OUR NEED FOR RECONCILIATION

When I speak about
past treatment and present disadvantage, you might think that I consider
that only indigenous Australians need reconciliation. The truth, however,
is that we all need it, our nation needs it. The Governor General, Sir
William Deane, put it most clearly when he said that without reconciliation
we are diminished as a nation. That's why the events of this weekend are
significant for all of us.

The weekend will
not be a celebration of reconciliation achieved. Maybe that was always
too ambitious a goal but I think it could have been accomplished. Unfortunately
it hasn't been. The failure of national political leadership has left
reconciliation out of reach, still beyond us. The statement that the Council
for Aboriginal Reconciliation will deliver the nation on Saturday will
not be a statement of reconciliation but a statement towards reconciliation.
It will not have the unequivocal support of the Prime Minister or his
government.

For me now that is
a deep disappointment but perhaps in years to come, in retrospect, we
will see that as a good thing.

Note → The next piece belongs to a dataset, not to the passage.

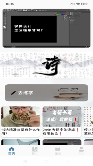 首页推送的书法训练学习模式等功能一应俱全,是个超简约高效的学习平台。

The failure of political leadership has
forced the cause to be taken up by ordinary people in cities, suburbs
and towns across the country. That is happening. There are 369 local reconciliation
groups registered with the Council for Aboriginal Reconciliation. There
are over 200 local groups that are part of the network of Australians
for Native Title and Reconciliation. There are regional and local coalitions
to promote the development and well being of whole communities. In the
Barwon-Darling Valley in north west New South Wales, all the local councils,
cotton growers, farmers organisations, tourism groups and Aboriginal organisations
have formed a regional development alliance. In Cape York in far north
Queensland the graziers, miners, tourism groups and local governments
have negotiated a regional development and land use agreement with the
indigenous communities. Reconciliation is happening already on the ground
in many parts of Australia and it must continue.

That is, in my opinion,
why the walk across the bridge on Sunday will be the most important event
of the weekend. It will be the occasion when we can show that we are committed
to healing the divisions, to building a united Australia based on justice,
equality and respect.

Our nation then needs
the commitment of each of us to this cause. Our future depends on it.
We are diminished without it. That's the challenge you face as new graduates.
What contribution can you make, as doctors and as citizens? What contribution
will you make? What about your families and friends? Your teachers and
others here this morning?

Though we cannot
be held personally responsible for what was done in the past, we are responsible,
and history will judge us, for what we do or fail to do in our own time,
with the opportunities and privileges given to us by our education and
position.

Chancellor, ladies
and gentlemen, I hope I run into you on the bridge on Sunday.